[[ PROVIDED INFORMATION open ]]

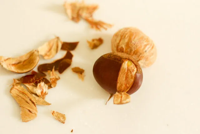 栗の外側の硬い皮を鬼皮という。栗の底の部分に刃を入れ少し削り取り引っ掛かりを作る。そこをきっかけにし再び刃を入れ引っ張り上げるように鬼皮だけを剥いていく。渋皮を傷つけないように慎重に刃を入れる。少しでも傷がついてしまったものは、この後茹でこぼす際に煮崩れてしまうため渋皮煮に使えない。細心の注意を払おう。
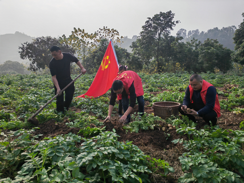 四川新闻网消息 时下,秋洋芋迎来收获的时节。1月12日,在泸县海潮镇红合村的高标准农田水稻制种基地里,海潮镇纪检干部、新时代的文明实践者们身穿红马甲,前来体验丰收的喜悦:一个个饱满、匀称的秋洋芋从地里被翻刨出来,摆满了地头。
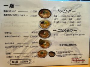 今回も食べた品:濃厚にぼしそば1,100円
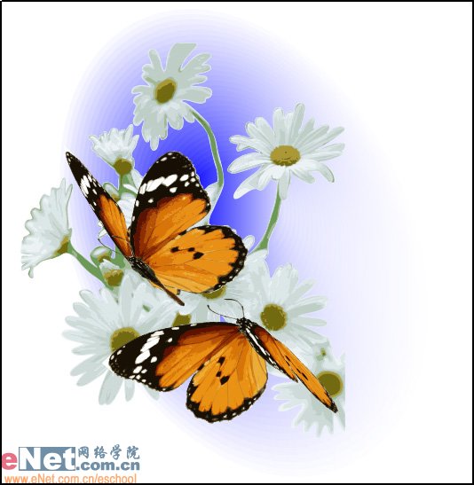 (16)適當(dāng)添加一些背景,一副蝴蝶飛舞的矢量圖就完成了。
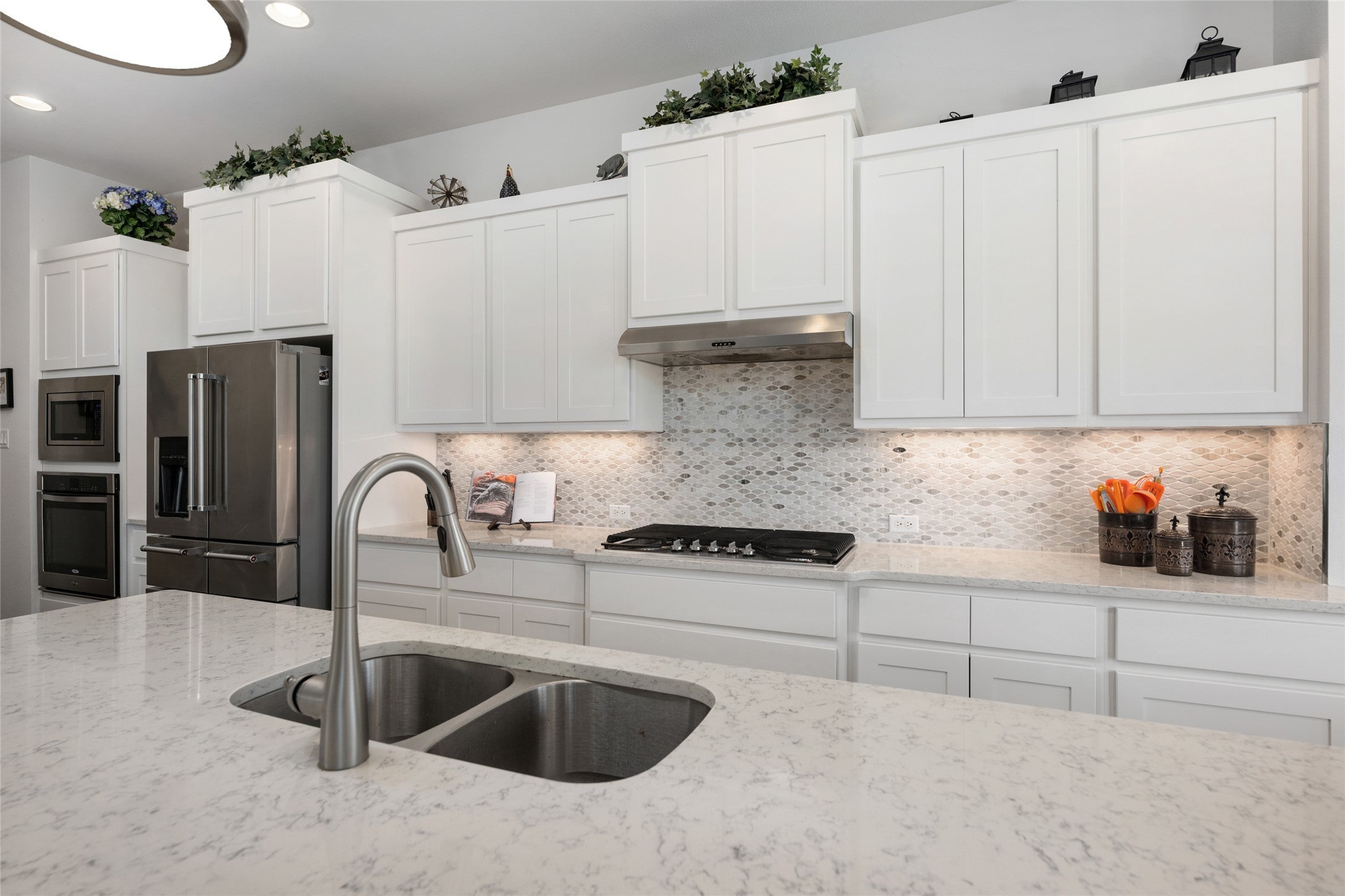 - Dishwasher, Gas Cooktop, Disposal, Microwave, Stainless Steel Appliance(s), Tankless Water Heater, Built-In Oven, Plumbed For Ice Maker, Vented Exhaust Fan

[[ PROVIDED INFORMATION closed ]]

Without including any picture, retype the entries exactly.

→ ANSWER BOX
 栗の外側の硬い皮を鬼皮という。栗の底の部分に刃を入れ少し削り取り引っ掛かりを作る。そこをきっかけにし再び刃を入れ引っ張り上げるように鬼皮だけを剥いていく。渋皮を傷つけないように慎重に刃を入れる。少しでも傷がついてしまったものは、この後茹でこぼす際に煮崩れてしまうため渋皮煮に使えない。細心の注意を払おう。
 四川新闻网消息 时下,秋洋芋迎来收获的时节。1月12日,在泸县海潮镇红合村的高标准农田水稻制种基地里,海潮镇纪检干部、新时代的文明实践者们身穿红马甲,前来体验丰收的喜悦:一个个饱满、匀称的秋洋芋从地里被翻刨出来,摆满了地头。
 今回も食べた品:濃厚にぼしそば1,100円
 (16)適當(dāng)添加一些背景,一副蝴蝶飛舞的矢量圖就完成了。
 - Dishwasher, Gas Cooktop, Disposal, Microwave, Stainless Steel Appliance(s), Tankless Water Heater, Built-In Oven, Plumbed For Ice Maker, Vented Exhaust Fan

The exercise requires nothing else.